_Exercise data_:
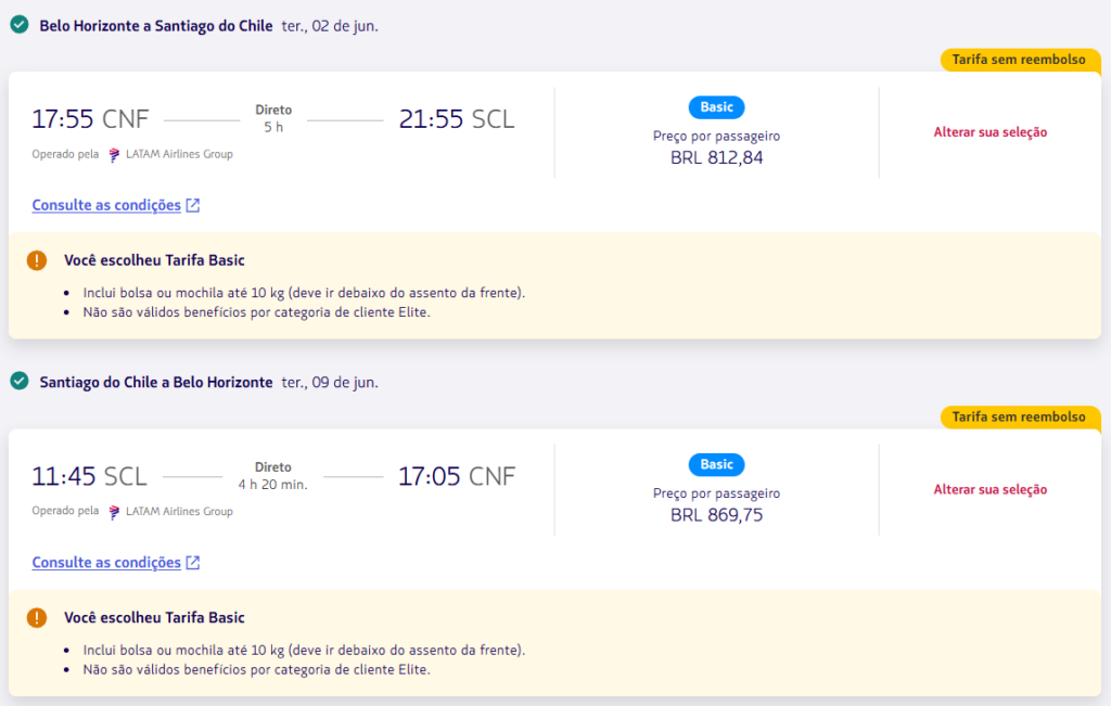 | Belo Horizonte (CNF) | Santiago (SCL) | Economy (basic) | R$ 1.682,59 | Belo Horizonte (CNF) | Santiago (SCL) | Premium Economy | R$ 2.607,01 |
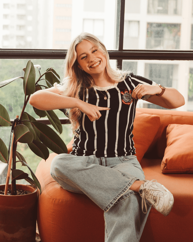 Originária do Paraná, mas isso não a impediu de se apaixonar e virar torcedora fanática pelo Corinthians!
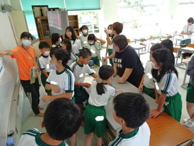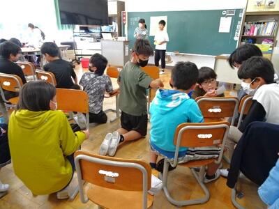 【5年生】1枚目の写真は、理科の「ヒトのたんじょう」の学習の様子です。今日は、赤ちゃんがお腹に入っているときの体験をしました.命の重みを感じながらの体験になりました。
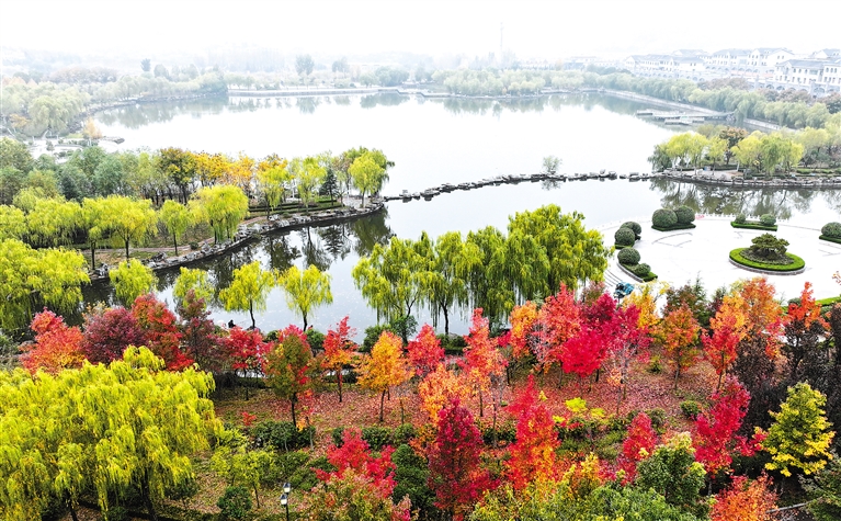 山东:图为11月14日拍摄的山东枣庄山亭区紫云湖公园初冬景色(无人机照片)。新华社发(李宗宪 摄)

---

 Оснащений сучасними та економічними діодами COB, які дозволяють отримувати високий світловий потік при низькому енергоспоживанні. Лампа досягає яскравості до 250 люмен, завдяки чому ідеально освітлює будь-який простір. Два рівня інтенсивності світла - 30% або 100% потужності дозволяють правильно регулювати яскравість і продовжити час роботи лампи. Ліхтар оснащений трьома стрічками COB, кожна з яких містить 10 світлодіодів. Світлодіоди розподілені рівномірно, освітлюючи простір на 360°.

* * *

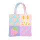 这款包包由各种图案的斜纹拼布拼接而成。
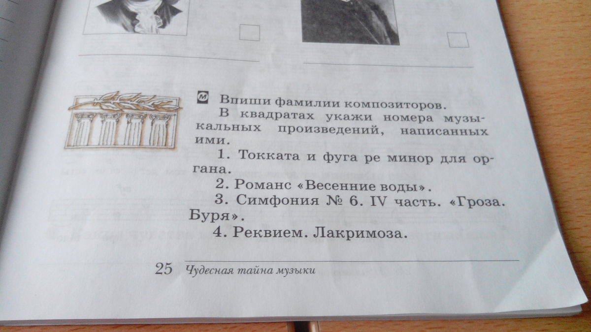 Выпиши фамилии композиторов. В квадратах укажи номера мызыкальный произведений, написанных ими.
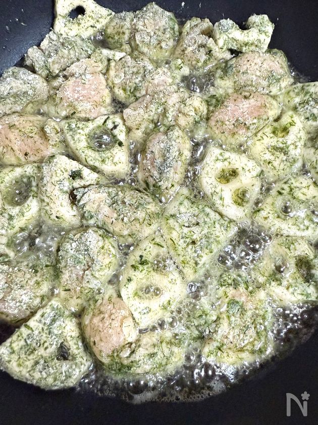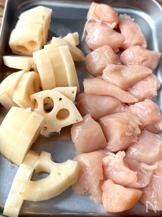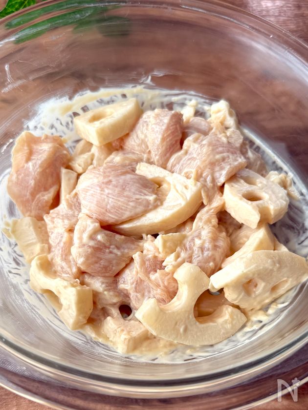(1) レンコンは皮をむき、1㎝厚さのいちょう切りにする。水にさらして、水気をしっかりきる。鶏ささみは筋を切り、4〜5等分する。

_Task requirements_:
Output only the lines above from the one containing "Originária do Paraná, mas" to the one containing "山东:图为11月14日拍摄的", both included, exactly as written and with no pictures.

_Result of this exercise_:
 Originária do Paraná, mas isso não a impediu de se apaixonar e virar torcedora fanática pelo Corinthians!
 【5年生】1枚目の写真は、理科の「ヒトのたんじょう」の学習の様子です。今日は、赤ちゃんがお腹に入っているときの体験をしました.命の重みを感じながらの体験になりました。
 山东:图为11月14日拍摄的山东枣庄山亭区紫云湖公园初冬景色(无人机照片)。新华社发(李宗宪 摄)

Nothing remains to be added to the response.